Solving large problems using HPC

In some cases, the sizes of the source and target grids lead to weights that either take too long to compute or can’t fit into memory on a regular desktop/laptop machine. But fear not, there are solutions to solve large regridding problems, provided you have access to a High Performance Computing machine. Your ESMF installation (from conda or equivalent) comes with command line tools (ESMF_RegridWeightGen and ESMF_Regrid) that can be executed in parallel with MPI. This allows very large regridding to be performed in minutes on hundred of compute cores. Using these tools, we are able to regrid data at 500 meters resolution (13300x13300 pts) from a South Polar Stereographic projection to a 15’ regular longitude/latitude grid (6720x86400 pts). The original:

elevation in polar stereographic

and after regridding:

elevation on regular lat/lon grid

Although these tools are very performant, they lack critical documentation which makes them hard to understand and operate. We’re going to try to bridge those gaps with some real-life examples. The roadblocks that you are most likely to find on your way are related to netcdf attributes required by the ESMF tools. Error messages are not very informative and one may need to read the source code to figure out what the problem is. The first trick you need to know is that geographical coordinates both need units netcdf attributes and these units can only be from the lists:

  • degrees_east, degree_east, degrees_E, degree_E, degreesE, degreeE for longitude
  • degrees_north, degree_north, degrees_N, degree_N, degreesN, degreeN for latitude

Otherwise, ESMF will fail with an error along the lines of file type not recognized. For conservative regridding, the units of the longitude and latitude arrays at the cell corners have to be grid_corner_lon and grid_corner_lat.

output from ncdump -h on your netcdf file should look like:

variables:
        double lat(lat) ;
                lat:_FillValue = 1.e+20 ;
                lat:units = "degrees_north" ;
        double lon(lon) ;
                lon:_FillValue = 1.e+20 ;
                lon:units = "degrees_east" ;

dimensions and coordinates names do not need to be the same and coordinates can be 2d.

Creating weights on HPC and using them in xESMF

With your source and destination grids ready, you can now generate weights on your HPC system that you can later use in xESMF by providing the filename and reuse_weights=True when creating a regridder.
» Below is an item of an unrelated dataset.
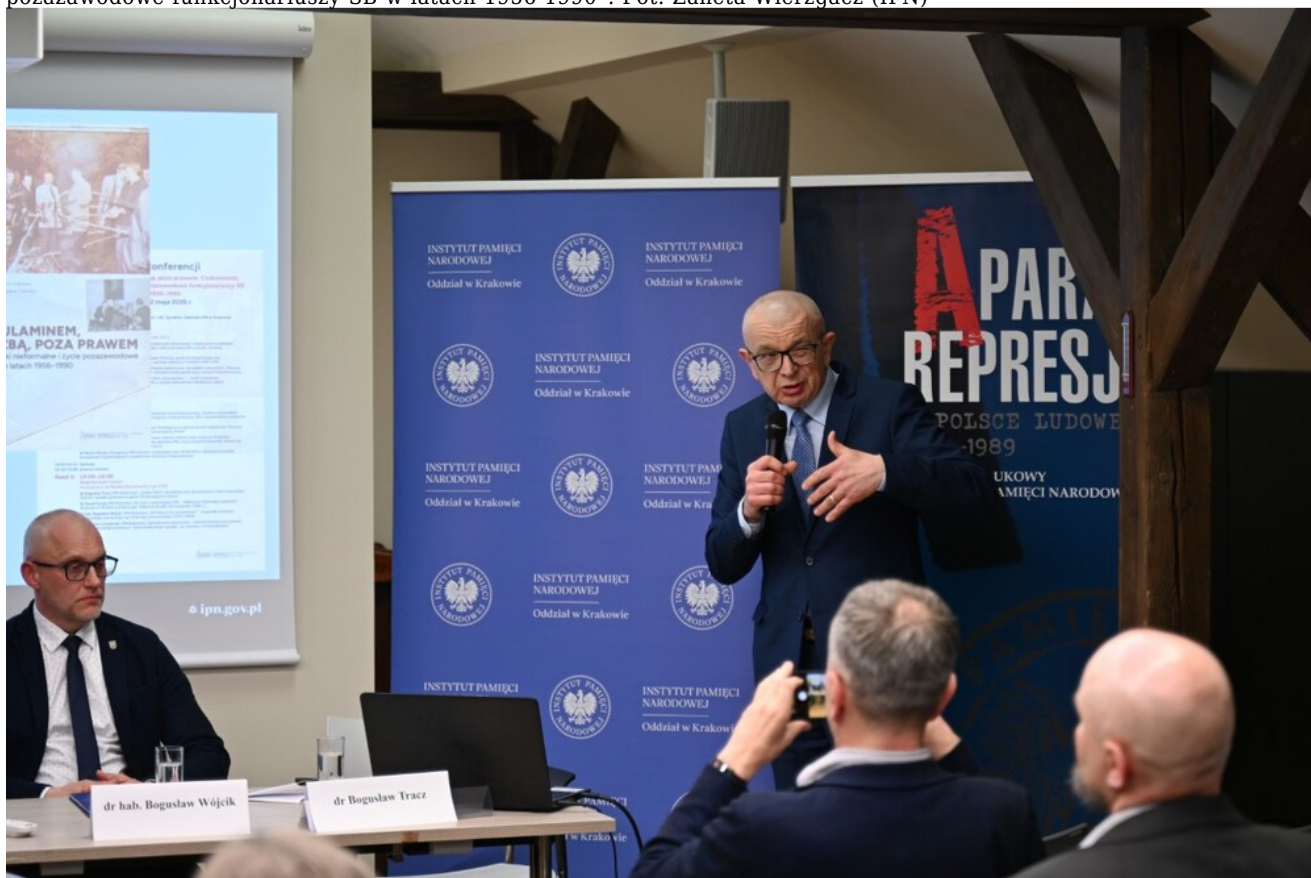
Konferencja naukowa „Poza regulaminem, poza służbą, poza prawem. Codziennosc, praktyki nieformalne i życie pozazawodowe funkcjonariuszy SB w latach 1956-1990”.
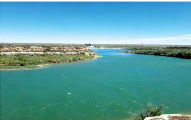
Desde el 24 de noviembre, el caudal del río Colorado en la estación de referencia de Buta Ranquil viene superando los 400 m3/s.

En correspondencia con los pronósticos publicados por COIRCO, los caudales en Buta Ranquil superaban la semana pasada los 500m3/s. Las acciones preventivas tomadas evitaron inconvenientes en áreas urbanas, productivas y petroleras. El embalse Casa de Piedra está mejorando la reserva de agua.

The invocation to the weights generation on a MPI parallel system using 252 cores will look like:

$ mpirun -np 252 ESMF_RegridWeightGen -s source.nc -d destination.nc -w weights.nc -m bilinear

In this example, we use bilinear regridding but all the methods available in xESMF are here too. You can then import your weights generated on your HPC system in xESMF with:

import xarray as xr
import xesmf as xe

ds_in = xr.open_dataset("source.nc")
ds_out = xr.open_dataset("destination.nc")
regridder = xe.Regridder(ds_in, ds_out, "bilinear", filename="weights.nc", reuse_weights=True)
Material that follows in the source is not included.